Friday, August 28, 2020

U-turn on a motorcycle? Looks easy in video

Motorcycle rider makes a turn with no hands on the handlebars.
No hands! But this rider gets around a cone by slowing down and leaning in.
WARNING: The article that follows contains my own idle musings about motorcycling, in the face of contradictory advice. Those who really do know how to steer a motorcycle will likely disagree with me. No one should take my conclusions as gospel.

Although I was a decent bicyclist as a boy, and I have lots of miles on my Royal Enfield Bullet motorcycle, I still can't get around corners.

I live in Florida, flat and cursed with only straight roads. I never have to corner, which is good, because, having no experience, I stink at it.

I can't escape having to make occasional U-turns, though. I just sort of blunder around, feeling as though I am about to fall.

Seeking advice I lazily turned, of course, not to time-honored text books or certified training courses, but to that well know tower of wisdom, YouTube.

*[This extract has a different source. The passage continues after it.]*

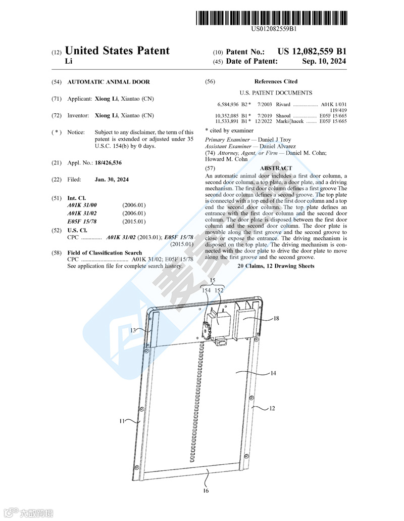 本案是Dnl Zito Castellano代理国人卖家Xiong Li在弗吉尼亚东区发起的一起TRO维权案件,涉案产品为Xiong Li在2024年9月10日下证的自动动物门美国专利,专利号为:12082559,共有85个店铺涉案,并被TRO冻结,目前该案件处于申请PI初步禁令状态,涉案卖家需及时处理,避免缺席判决后损失进一步扩大!

Here I encountered two seemingly contradictory demonstrations of making U-turns on a motorcycle. One rider demonstrated turning the motorcycle by leaning INTO the turn. In fact, he did the turns without touching the handlebars, simply by slowing down and leaning his body (as seen above). It looked like he and the motorcycle should fall over, but they did not.

Motorcycle rider makes tight turn by leaning to the outside of turn.
This rider puts all his weight on the outside peg, leaning away from the turn.
In the dueling video, another rider demonstrated turning the motorcycle by leaning to the OUTSIDE of the turn. He put his weight on the outside footpeg to "counter-balance" the motorcycle. In fact he took his foot entirely off the inside peg to illustrate that no weight was on it.

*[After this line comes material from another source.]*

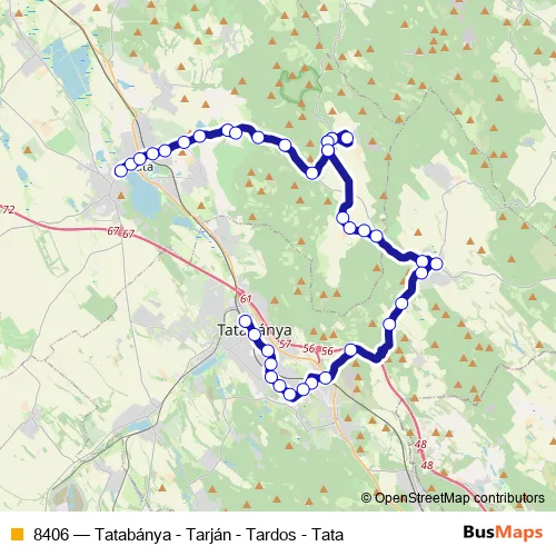 The first stop of the 8406 bus route is Tata, autóbusz-állomás and the last stop is Tatabánya, autóbusz-állomás. 8406 (Tatabánya - Tarján - Tardos - Tata) is operational during everyday.

Again, it looked like the motorcycle should fall over, but it did not. Could his 180 pounds really have balanced a 500-pound motorcycle?

Watching the two videos, I have to conclude that experts can get motorcycles to do anything.

The key could be the factor that both videos have in common: letting the motorcycle slow down and the handlebars turn deeply into the turn.

Amazingly, doing this, the motorcycle (check out the videos, below) doesn't fall down. Why? It must be largely the action of the front wheel as the handlebars turn and speed drops off.

(SIDE NOTE: The usual explanation is that this is the benefit of "caster," often described as the offset that enables shopping cart wheels to automatically go straight when you push the cart. That makes no sense, though, as shopping cart wheels obviously go straight because they are offset to the rear of their steering attachment, whereas motorcycle front wheels are obviously offset ahead of the steering head. This would suggest that motorcycles will not behave like shopping carts, and, in fact, Wikipedia explains that shopping cart wheels in fact have "no caster." It's more complicated.)

Whatever. What must be happening on the ground is that the front wheel, sharply turning as the motorcycle slows and leans into the turn, is actually trying to force itself to go straight — which would automatically force the motorcycle upright.

Is the motorcycle, as it almost seems to fall over, actually counter-steering itself back to vertical, as the first video suggests?

I now realize I actually experienced this once, when I tried to turn at an intersection in Florida and hit a patch of oil. The motorcycle tried to fall down, but as it did, the front wheel turned into the fall and — magically, it seemed, without me doing much of anything — the motorcycle picked itself up and went straight. I didn't know what caused it.

I need to go practice U-turns.

Meanwhile, watch the videos. Both emphasize a complete technique, giving the motorcycle the proper amount of speed, avoiding brakes and sudden acceleration.

1 comment:

  1. In an old motorcycle magazine I cannot find they described leaning in as the "English" way and leaning away as the "French" way.